The first robotic-assisted laparoscopic urologic surgical procedure reported was in 1995 (Abbou et al. 2001). The first totally endoscopic telerobotic radical prostatectomy surgery was first reported as being preformed in 2000 (Binder et al. 2004). The distinct advantage of robotic systems in robotic-assisted radical prostatectomy is the ability to use instruments with seven degrees of freedom at the wrist that allows precise dissection of tissues and easier movement of the instruments within the pelvis (Atug et al. 2006). This technology driven procedure has spread rapidly over the past 4 years. Binder et al. reported that by 2004, 5200 radical prostatectomies (RPs) had been performed worldwide, making RPs the most frequent single surgical procedure performed with robotic assistance. It has since been reported that as patient demand for this type of surgery has increased, 10% of urology hospitals in the US now have da Vinci robots (Davies 2006). In 2004, a private healthcare institution was the first Australian hospital to implement robotic-assisted surgery using the da Vinci robot for urology patients. It is expected that the number of patients who undergo robotic urologic surgery in Australia will follow the US trend and increase rapidly as surgeons become more proficient in using this new technology. Patients will seek robotic-assisted surgery as they become more aware of the potential postoperative benefits offered.
ANALYSIS OF THE PROBLEM
Outcomes
Randomised controlled trials (RCTs) are considered the ‘gold standard’ in research evidence, represent the highest level of evidence, and are the best way of evaluating an intervention (Hamer & Collinson 1999, Karakiewicz et al. 2006). An RCT is an experimental design that manipulates a variable within the trial, with a group used as a control for which that variable is not manipulated. By having a control group and a second group ‘blinded’ to the intervention an RCT attempts to reduce bias and often requires groups that are sufficiently large to demonstrate power (Hamer & Collinson 1999). However, many constraints, such as ethical, economic or social, render the conduct of RCTs difficult (Karakiewicz et al. 2006). There are a number of recognised methodological issues related to the conduct of RCTs and robotic-assisted prostatectomy surgery and, as such, there is a paucity of prospective randomised data related to treatments for localised prostate cancer reported in the literature.
Patient preference for a particular treatment modality is an important consideration. The values people place on perceived quality of life post-procedure and the associated risk associated with that procedure influence the acceptability of a treatment modality (NHMRC 2002).
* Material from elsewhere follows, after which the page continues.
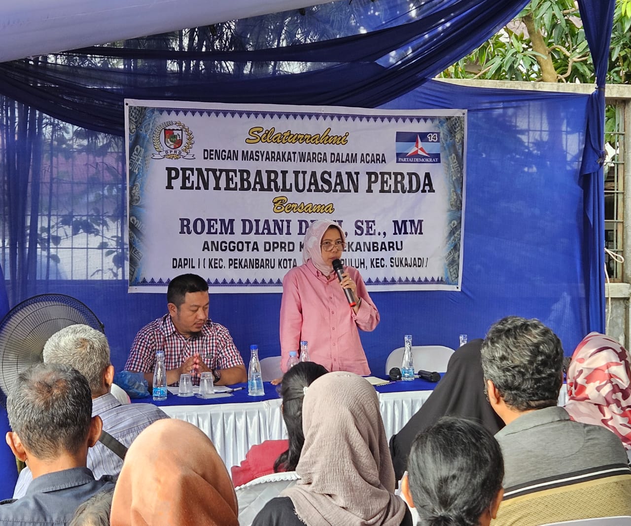 PEKANBARU, LIPO - Memberikan pemahaman kepada konsituen di Daerah Pemilihan (Dapil) nya, Anggota DPRD Kota Pekanbaru dari Fraksi Partai Demokrat (F-Demokrat), Roem Diani Dewi SE MM, melakukan Sosialisasi Peraturan Daerah (Sosper) Nomor 5 tahun 2023 tentang Pengelolaan Air Limbah Domestik.

Many men undergoing prostatectomy surgery are able to access a number of resources to inform them of the outcomes associated with a particular surgical technique. This informs their decision making about the best treatment options for them. It is, therefore, understandable that patients are reluctant to enter into a trial that might result in them undergoing a perceived inferior type of surgery. Interestingly, an American study found that patients appear to be attracted to high-tech surgery despite surprisingly limited comprehension of the technology behind robotic-assisted prostatectomy (Binder 2006). There is also the added issue of surgeon reluctance to randomise between defined groups. For example, a particular surgeon who has a preference (and therefore a bias, based on non-gold standard evidence) for a particular treatment modality to treat the underlying condition will usually practice only that particular surgical technique. For other patients, selection of surgery technique is simply a result of the surgery available; for example, some patients might not wish to travel to another centre for surgery if that means they leave their support network. Therefore, interpretation of the outcomes reported in non-randomised studies must be done with caution as selection criteria of patients into these studies might have influenced outcomes (NHMRC 2002). Information on treatment outcomes related to localised prostate cancer reported in the research literature often comes from relatively small cohorts at specialised academic centres as it is these centres that have access to the technology. In summary, the uses and value of robotic-assisted radical prostatectomy surgery have not been fully established (Giulianotti et al. 2003, Lanfranco et al. 2004).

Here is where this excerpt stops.